EXERCISE OBJECTIVE
From the line containing "备受期待的第二款 Yeezy Gap" through the last line of the material, copy every line exactly, both ends inclusive; do not copy pictures.

ENTRIES PROVIDED
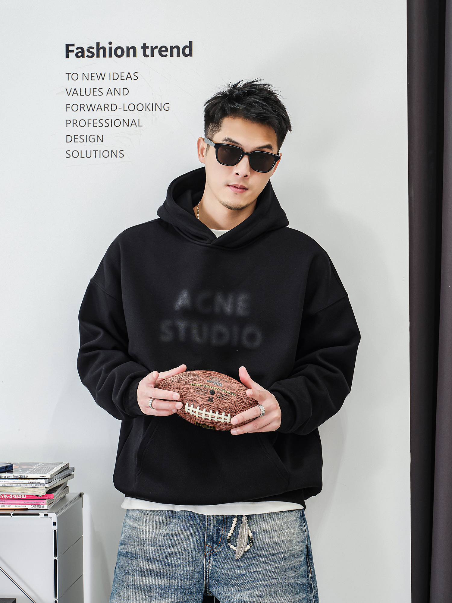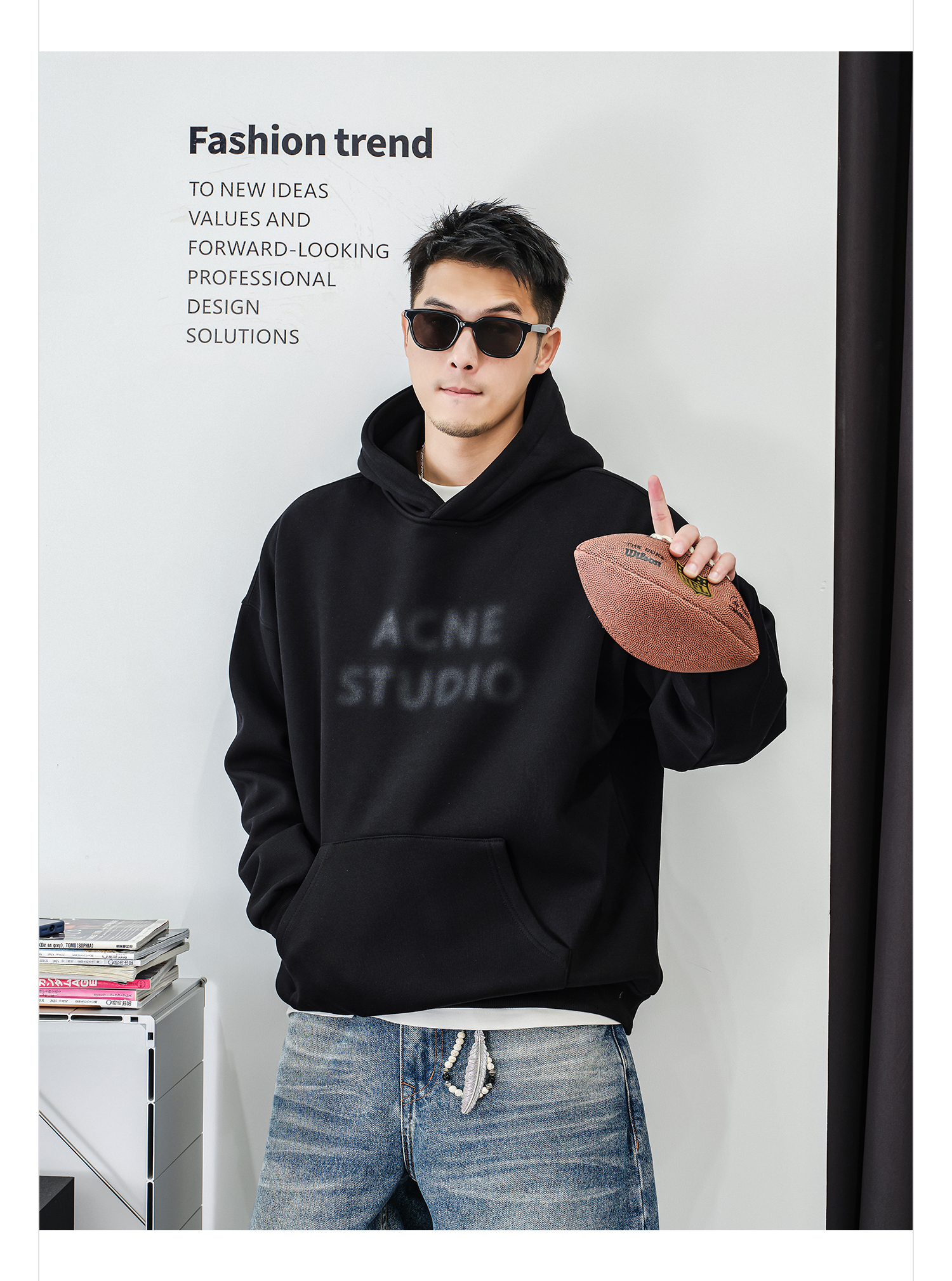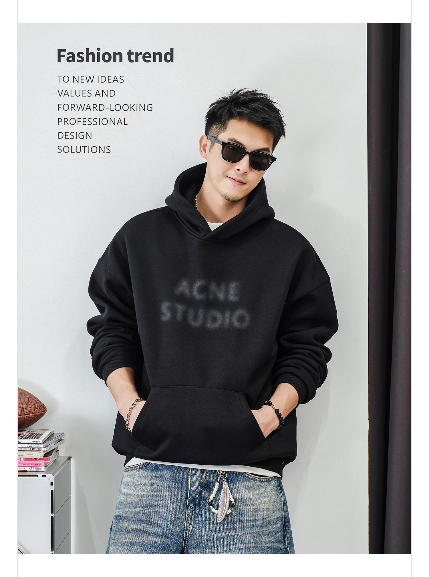 徐太浪【街头风 帅气印花】加绒连帽卫衣男秋冬款休闲风帽衫外套
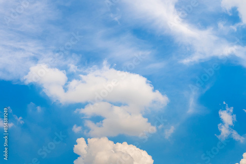 Tropical summer blue sky fluffy white cloud summertime on light sunny day cloudscape. Clear bright blue skyline spring sunlight climate background. Heaven blue environment ecology high scenic nature.
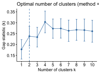| fviz_nbclust(fviz_gap_stat) | Determining and Visualizing the Optimal Number of Clusters. |
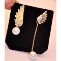 Drop Earrings Jewellery Earrings Women Pearl Tassel Long Hanging Angel Wings Asymmetric Unique Fashion Rhinestone Drop EarringsUSD 2.99/pair
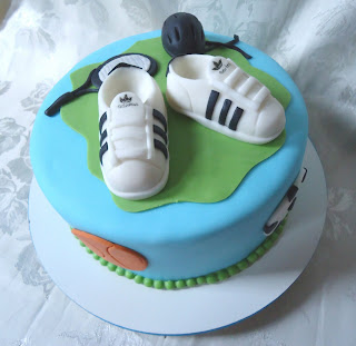 Bolo para um professor de educação física. Com tênis confeccionado em pasta ameircana.
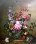 Classical still life with flowers and bird´s nest was executed in the middle of 19th century by anonym representative of renown French Flower School.
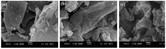 10,000× magnification SEM image of (a) graphite; (b) GO; (c) rGO.
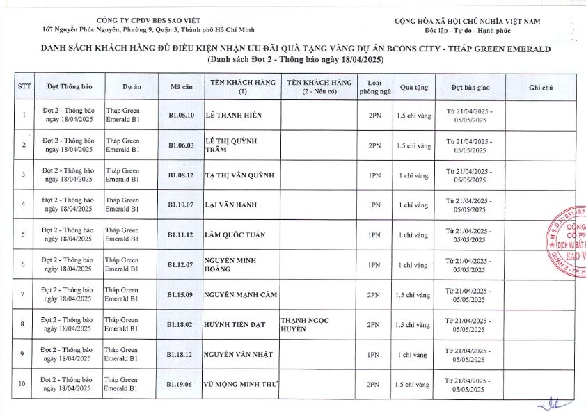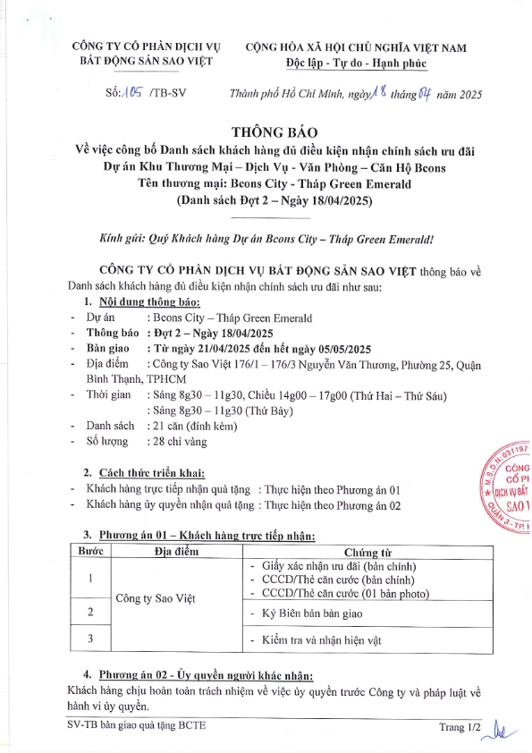 CÔNG TY CỔ PHẦN DỊCH VỤ BẤT ĐỘNG SẢN SAO VIỆT thông báo về danh sách khách hàng đủ điều kiện chính sách ưu đãi dự án Khu Thương Mại – Dịch Vụ – Văn Phòng – Căn Hộ Bcons
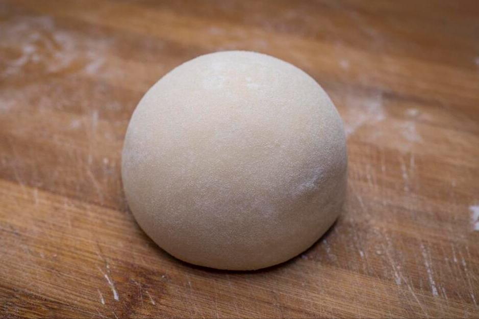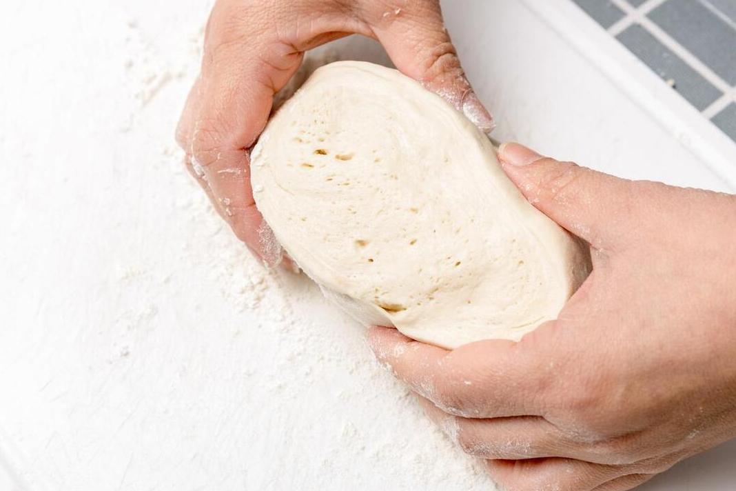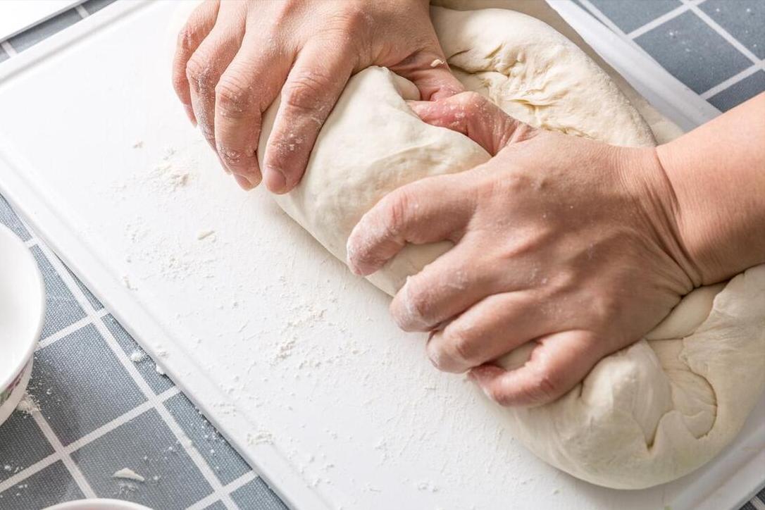 5、大概1個小時左右,我們稍微看一下面團的狀態,裏面如果是蜂窩狀就說明可以了。將麪糰取出來以後,放在提前撒上乾麪粉的案板上,然後開始不停的揉搓,揉搓片刻直至把麪糰揉到光滑。
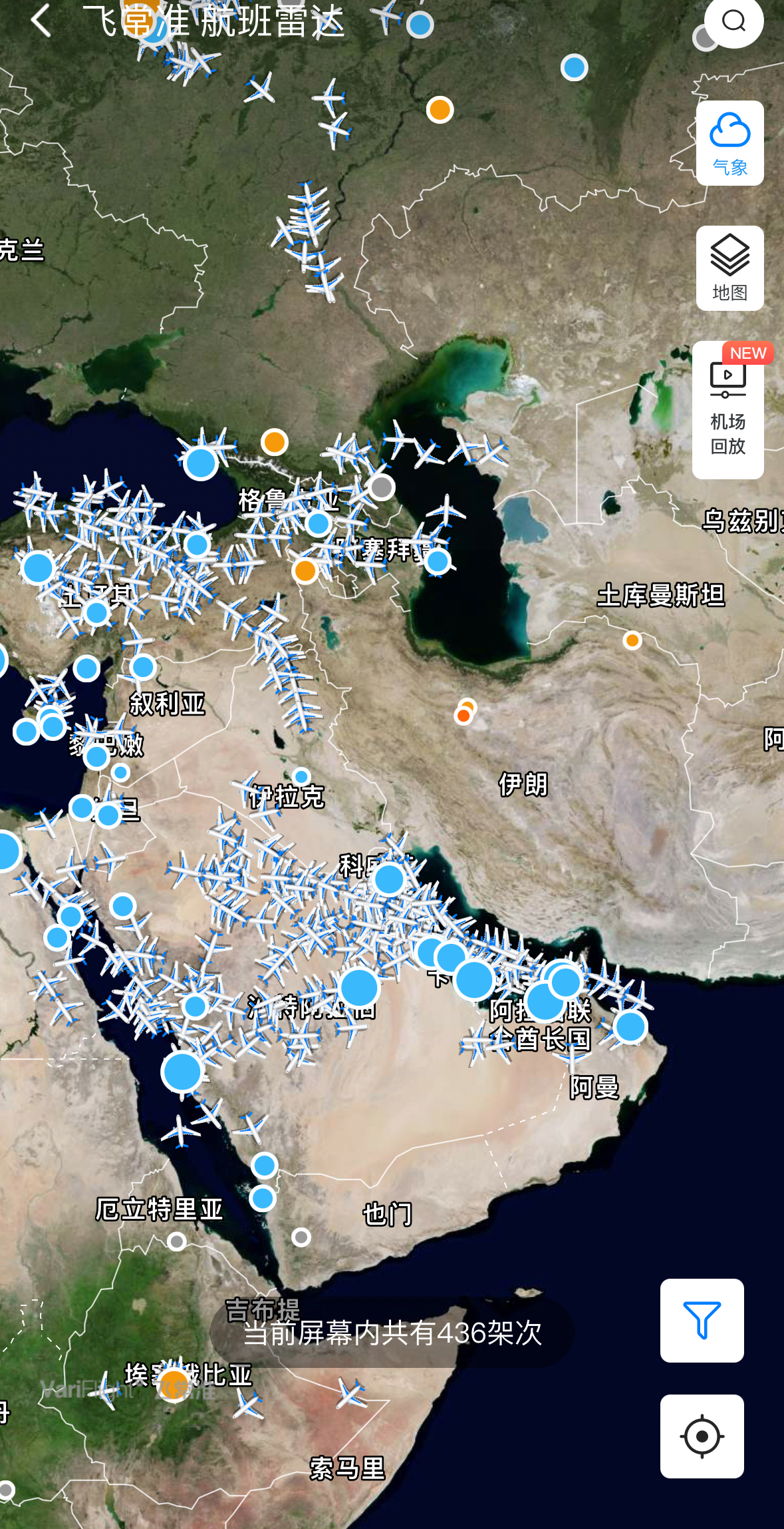 伊朗宣布关闭全国领空六小时 图片来源:飞常准
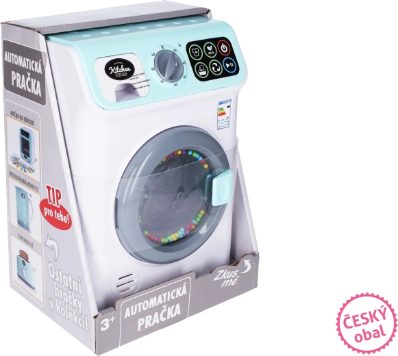 Sjov børnevaskemaskine med realistiske funktioner, der forvandler hver vask af dukketøj til leg. Den tilbyder lys- og lydeffekter, roterende tromle, valg af program og temperatur samt skuffe til vaskepulver. Ideel til børn fra 3 år, med batterier inkluderet.
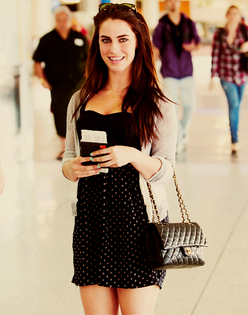 Jessica Lowndes. She's best known for her role as Adrianna Tate-Duncan in the CW's mega smash hit 90210, the reboot of the ultra successful Beverly Hills 90210 (all of the alumni are now Hollywood washouts and Aaron Spelling is dead).Anyway, she's seen here with a designer purse by Coco Chanel on her arm.
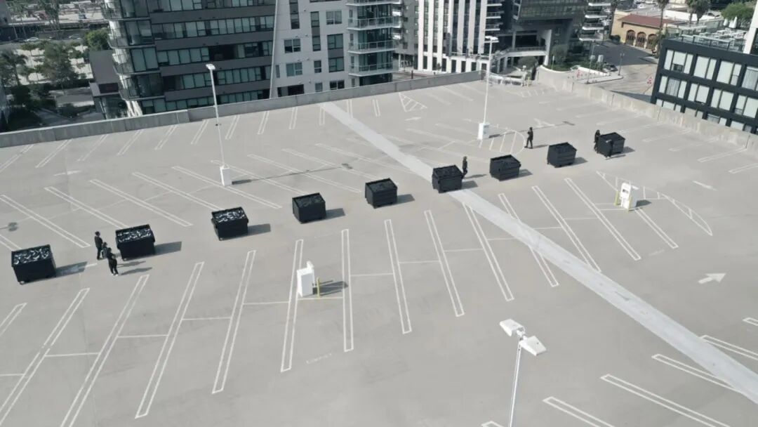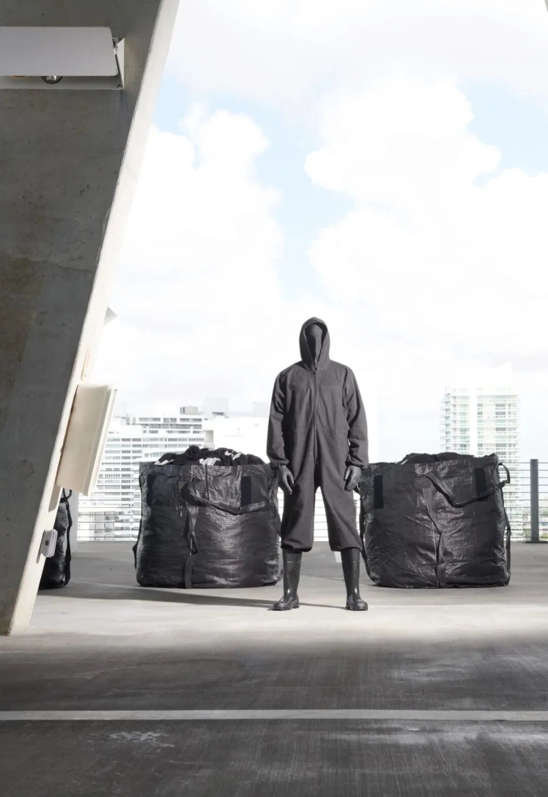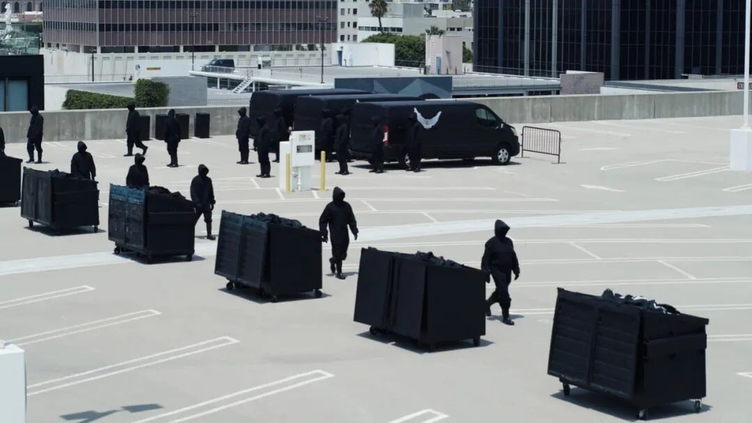 备受期待的第二款 Yeezy Gap 在多个快闪活动上推出,其中一个在 Herzog & de Meuron 位于林肯路 1111 号的多层停车场内举行。混凝土停车场的一层有 20 个黑色的散装袋,是那种通常用于运输砾石和建筑材料的袋子,里面装满了这个系列的产品,并在停车场内排成一排。在其他地方,涂黑的垃圾箱被用来装大量的衣服,迫使顾客在垃圾箱里翻找货物。
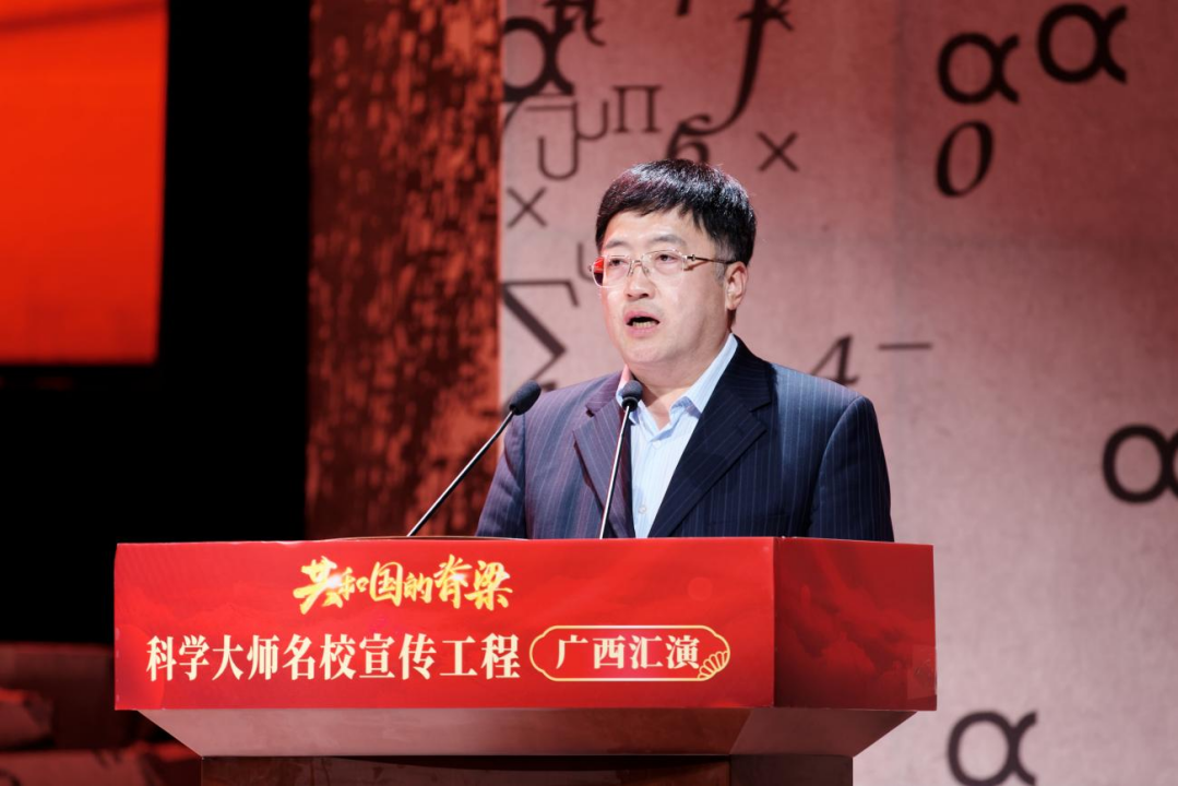 王乃學在致歡迎辭時表示,“共和國的脊梁——科學大師名校宣傳工程”來到廣西,首站走進廣西大學,是對廣西大學的信任和厚愛,也是對廣西大學科研工作的極大鼓勵。希望學校科技工作者大力弘揚科學家精神,為把廣西大學建設成廣西的人才高地、科技創新中心、決策智庫、先進生產力引擎貢獻智慧和力量。希望同學們進一步加深對科學家精神的認識與理解,樹立愛國奉獻、勇攀高峰的理想信念,努力成為堪當民族復興重任的時代新人。
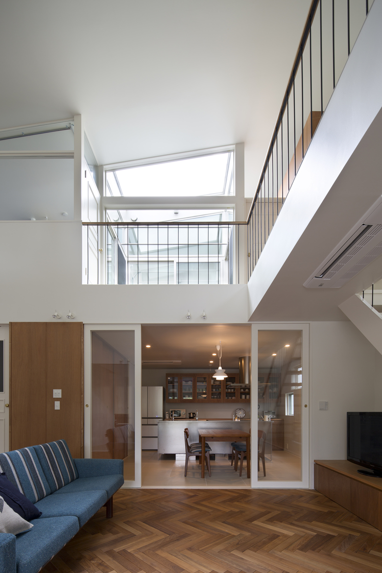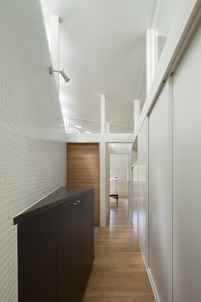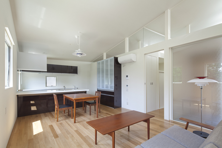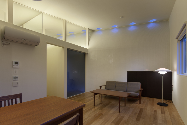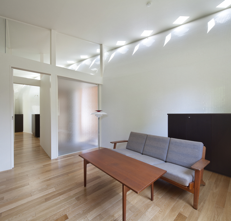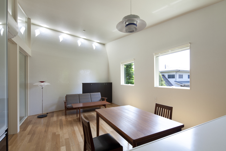 Former national route has heavy traffic, thus building A and B do not have windows on the north. Windows facing the neighbors on the east and west sides are small and minimized, whereas the windows facing the garden are large. Both building A and B have courtyard and skylight with slanted ceiling and curved walls to give varied interior scenes.

ANSWER TO THIS EXERCISE
 备受期待的第二款 Yeezy Gap 在多个快闪活动上推出,其中一个在 Herzog & de Meuron 位于林肯路 1111 号的多层停车场内举行。混凝土停车场的一层有 20 个黑色的散装袋,是那种通常用于运输砾石和建筑材料的袋子,里面装满了这个系列的产品,并在停车场内排成一排。在其他地方,涂黑的垃圾箱被用来装大量的衣服,迫使顾客在垃圾箱里翻找货物。
 王乃學在致歡迎辭時表示,“共和國的脊梁——科學大師名校宣傳工程”來到廣西,首站走進廣西大學,是對廣西大學的信任和厚愛,也是對廣西大學科研工作的極大鼓勵。希望學校科技工作者大力弘揚科學家精神,為把廣西大學建設成廣西的人才高地、科技創新中心、決策智庫、先進生產力引擎貢獻智慧和力量。希望同學們進一步加深對科學家精神的認識與理解,樹立愛國奉獻、勇攀高峰的理想信念,努力成為堪當民族復興重任的時代新人。
 Former national route has heavy traffic, thus building A and B do not have windows on the north. Windows facing the neighbors on the east and west sides are small and minimized, whereas the windows facing the garden are large. Both building A and B have courtyard and skylight with slanted ceiling and curved walls to give varied interior scenes.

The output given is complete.